#### Excerpted records ####

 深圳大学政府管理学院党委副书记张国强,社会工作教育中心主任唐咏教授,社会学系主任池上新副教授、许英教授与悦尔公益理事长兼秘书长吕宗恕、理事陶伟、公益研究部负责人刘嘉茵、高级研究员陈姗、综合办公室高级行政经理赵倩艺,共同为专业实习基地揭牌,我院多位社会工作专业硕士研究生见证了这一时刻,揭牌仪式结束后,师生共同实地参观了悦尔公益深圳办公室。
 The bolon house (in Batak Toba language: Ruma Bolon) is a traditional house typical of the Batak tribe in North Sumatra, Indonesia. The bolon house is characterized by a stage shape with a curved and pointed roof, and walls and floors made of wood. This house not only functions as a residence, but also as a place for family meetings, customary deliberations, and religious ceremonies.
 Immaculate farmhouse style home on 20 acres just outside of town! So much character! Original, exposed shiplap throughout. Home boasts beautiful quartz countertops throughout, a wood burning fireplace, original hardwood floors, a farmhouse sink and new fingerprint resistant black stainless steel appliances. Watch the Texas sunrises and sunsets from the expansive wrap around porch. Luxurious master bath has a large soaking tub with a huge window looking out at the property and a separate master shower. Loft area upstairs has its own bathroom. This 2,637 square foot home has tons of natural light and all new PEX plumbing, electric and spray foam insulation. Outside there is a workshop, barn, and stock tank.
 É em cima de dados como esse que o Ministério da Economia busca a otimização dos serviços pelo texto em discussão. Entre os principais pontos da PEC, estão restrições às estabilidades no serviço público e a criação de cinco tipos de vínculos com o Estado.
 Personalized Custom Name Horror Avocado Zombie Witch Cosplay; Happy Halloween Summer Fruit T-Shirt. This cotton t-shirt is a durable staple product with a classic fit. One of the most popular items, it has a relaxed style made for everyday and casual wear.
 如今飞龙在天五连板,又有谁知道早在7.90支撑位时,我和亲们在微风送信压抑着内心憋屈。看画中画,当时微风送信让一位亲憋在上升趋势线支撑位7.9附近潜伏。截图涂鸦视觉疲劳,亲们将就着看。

####
#### Excerpted records ####

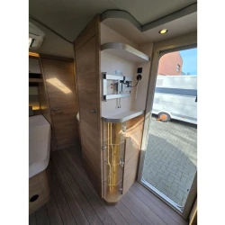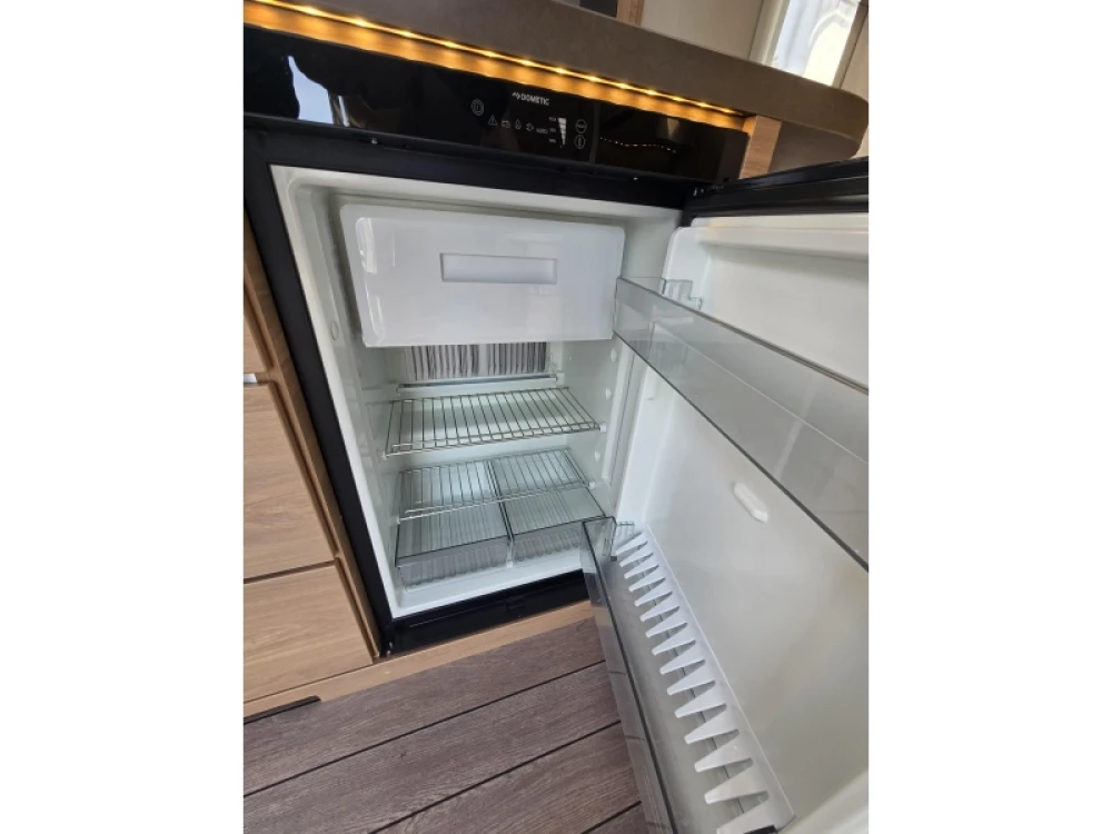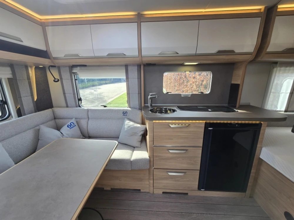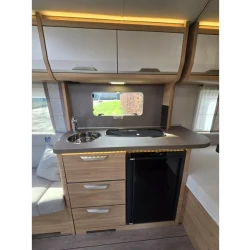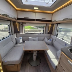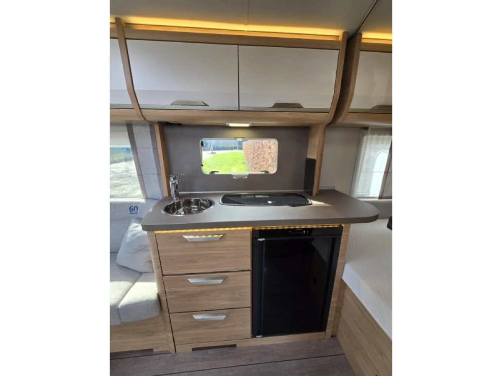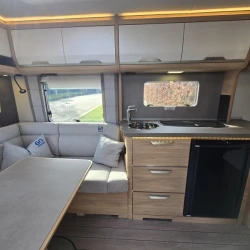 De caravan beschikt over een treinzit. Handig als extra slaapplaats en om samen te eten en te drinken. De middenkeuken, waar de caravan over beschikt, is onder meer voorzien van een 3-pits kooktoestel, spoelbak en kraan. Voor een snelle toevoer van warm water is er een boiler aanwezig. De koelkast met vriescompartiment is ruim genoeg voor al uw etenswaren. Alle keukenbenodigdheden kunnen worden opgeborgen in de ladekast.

####
#### Excerpted records ####

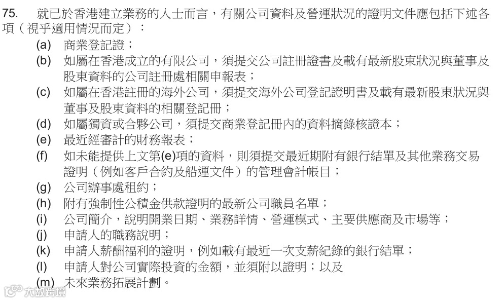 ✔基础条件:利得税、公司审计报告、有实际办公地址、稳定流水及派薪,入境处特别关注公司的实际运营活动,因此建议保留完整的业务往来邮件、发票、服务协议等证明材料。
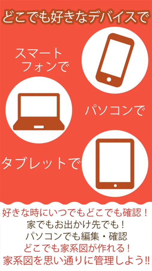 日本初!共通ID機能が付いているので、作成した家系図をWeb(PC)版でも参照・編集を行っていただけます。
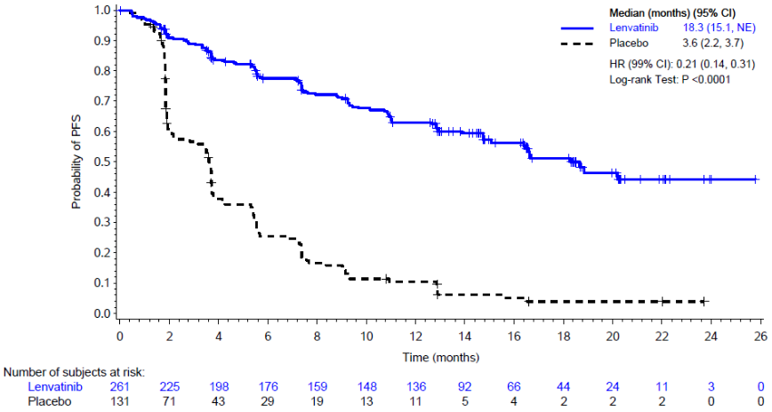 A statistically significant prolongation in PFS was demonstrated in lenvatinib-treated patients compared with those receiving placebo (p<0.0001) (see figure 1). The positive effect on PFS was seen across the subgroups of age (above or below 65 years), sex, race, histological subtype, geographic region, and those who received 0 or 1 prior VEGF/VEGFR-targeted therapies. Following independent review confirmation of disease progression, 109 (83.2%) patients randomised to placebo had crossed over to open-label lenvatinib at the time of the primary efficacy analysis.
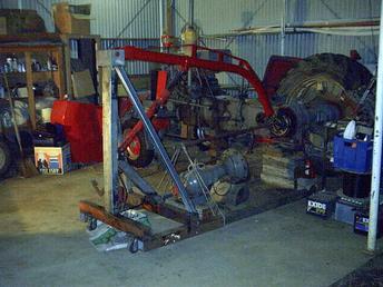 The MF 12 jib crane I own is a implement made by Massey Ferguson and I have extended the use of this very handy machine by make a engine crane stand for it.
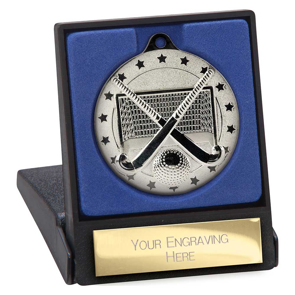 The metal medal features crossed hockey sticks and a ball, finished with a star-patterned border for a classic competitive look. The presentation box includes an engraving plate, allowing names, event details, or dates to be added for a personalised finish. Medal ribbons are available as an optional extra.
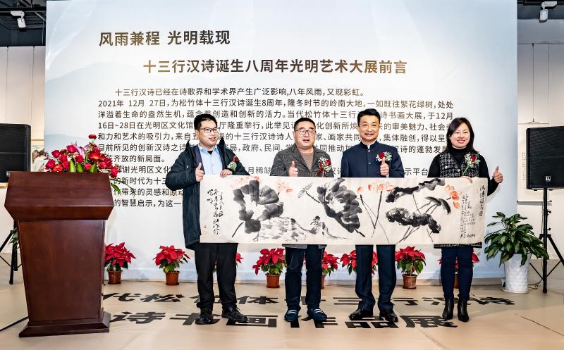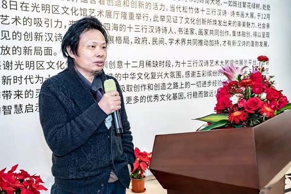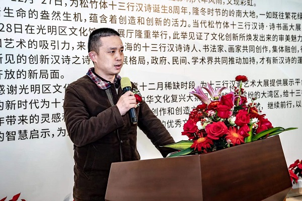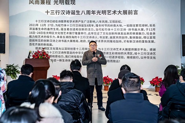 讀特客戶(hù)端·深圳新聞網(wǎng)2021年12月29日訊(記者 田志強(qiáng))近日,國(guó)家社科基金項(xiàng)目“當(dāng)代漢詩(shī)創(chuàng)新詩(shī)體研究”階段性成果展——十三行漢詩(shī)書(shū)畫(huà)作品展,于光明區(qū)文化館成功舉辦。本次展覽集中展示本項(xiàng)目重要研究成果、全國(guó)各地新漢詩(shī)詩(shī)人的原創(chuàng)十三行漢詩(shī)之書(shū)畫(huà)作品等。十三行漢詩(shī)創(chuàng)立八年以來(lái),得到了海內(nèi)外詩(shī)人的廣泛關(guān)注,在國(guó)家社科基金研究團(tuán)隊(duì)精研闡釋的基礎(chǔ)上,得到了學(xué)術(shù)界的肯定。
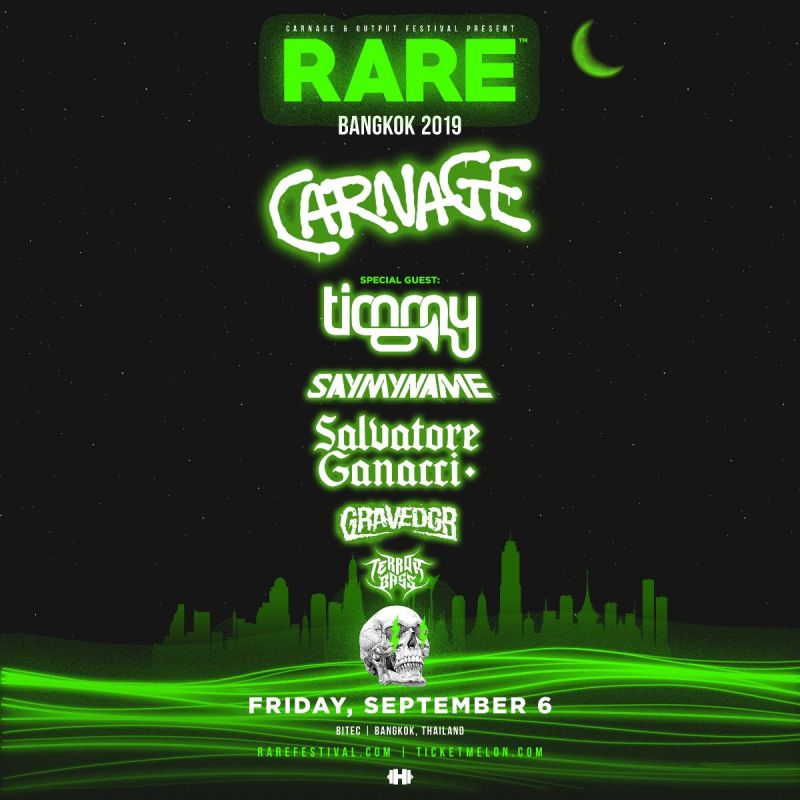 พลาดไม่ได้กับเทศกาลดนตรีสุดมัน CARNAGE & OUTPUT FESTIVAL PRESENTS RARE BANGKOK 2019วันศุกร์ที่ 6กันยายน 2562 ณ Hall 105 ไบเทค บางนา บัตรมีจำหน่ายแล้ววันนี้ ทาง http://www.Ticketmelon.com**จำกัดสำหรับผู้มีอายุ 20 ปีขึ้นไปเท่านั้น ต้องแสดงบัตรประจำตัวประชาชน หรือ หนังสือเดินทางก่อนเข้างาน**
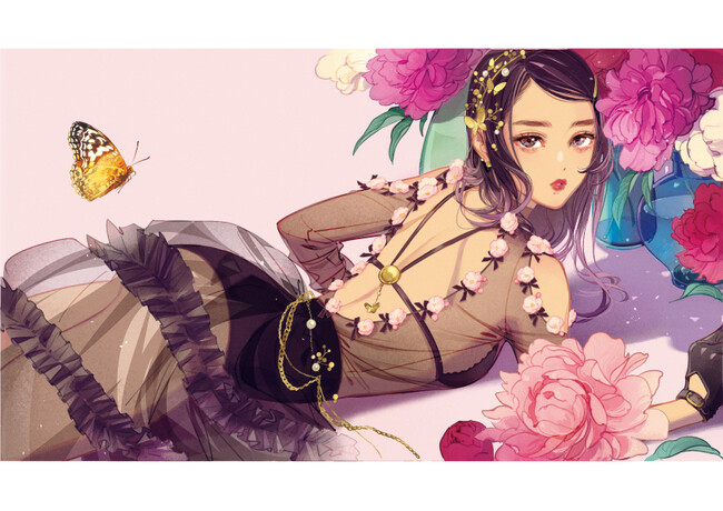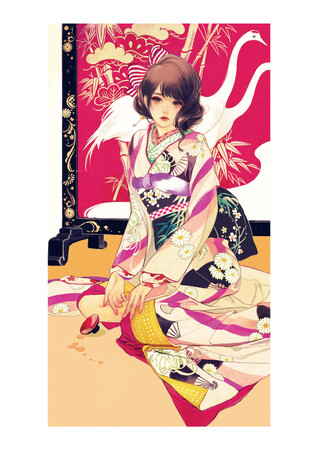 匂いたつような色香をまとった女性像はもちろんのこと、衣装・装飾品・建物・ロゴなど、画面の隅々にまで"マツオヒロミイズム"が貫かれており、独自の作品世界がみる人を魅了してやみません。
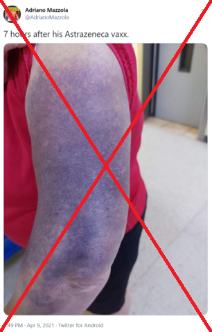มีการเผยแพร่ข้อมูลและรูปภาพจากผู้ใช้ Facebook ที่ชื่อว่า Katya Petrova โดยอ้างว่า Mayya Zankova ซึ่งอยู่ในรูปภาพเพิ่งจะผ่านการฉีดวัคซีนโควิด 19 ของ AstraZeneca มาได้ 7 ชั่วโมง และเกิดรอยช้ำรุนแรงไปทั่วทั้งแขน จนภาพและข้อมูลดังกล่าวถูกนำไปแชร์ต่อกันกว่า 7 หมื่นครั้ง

####

Task details: Beginning with the line above that contains "The metal medal" and finishing with the line that contains "匂いたつような色香をまとった", print those lines exactly and only. Skip all pictures.

Answer space:
 The metal medal features crossed hockey sticks and a ball, finished with a star-patterned border for a classic competitive look. The presentation box includes an engraving plate, allowing names, event details, or dates to be added for a personalised finish. Medal ribbons are available as an optional extra.
 讀特客戶(hù)端·深圳新聞網(wǎng)2021年12月29日訊(記者 田志強(qiáng))近日,國(guó)家社科基金項(xiàng)目“當(dāng)代漢詩(shī)創(chuàng)新詩(shī)體研究”階段性成果展——十三行漢詩(shī)書(shū)畫(huà)作品展,于光明區(qū)文化館成功舉辦。本次展覽集中展示本項(xiàng)目重要研究成果、全國(guó)各地新漢詩(shī)詩(shī)人的原創(chuàng)十三行漢詩(shī)之書(shū)畫(huà)作品等。十三行漢詩(shī)創(chuàng)立八年以來(lái),得到了海內(nèi)外詩(shī)人的廣泛關(guān)注,在國(guó)家社科基金研究團(tuán)隊(duì)精研闡釋的基礎(chǔ)上,得到了學(xué)術(shù)界的肯定。
 พลาดไม่ได้กับเทศกาลดนตรีสุดมัน CARNAGE & OUTPUT FESTIVAL PRESENTS RARE BANGKOK 2019วันศุกร์ที่ 6กันยายน 2562 ณ Hall 105 ไบเทค บางนา บัตรมีจำหน่ายแล้ววันนี้ ทาง http://www.Ticketmelon.com**จำกัดสำหรับผู้มีอายุ 20 ปีขึ้นไปเท่านั้น ต้องแสดงบัตรประจำตัวประชาชน หรือ หนังสือเดินทางก่อนเข้างาน**
 匂いたつような色香をまとった女性像はもちろんのこと、衣装・装飾品・建物・ロゴなど、画面の隅々にまで"マツオヒロミイズム"が貫かれており、独自の作品世界がみる人を魅了してやみません。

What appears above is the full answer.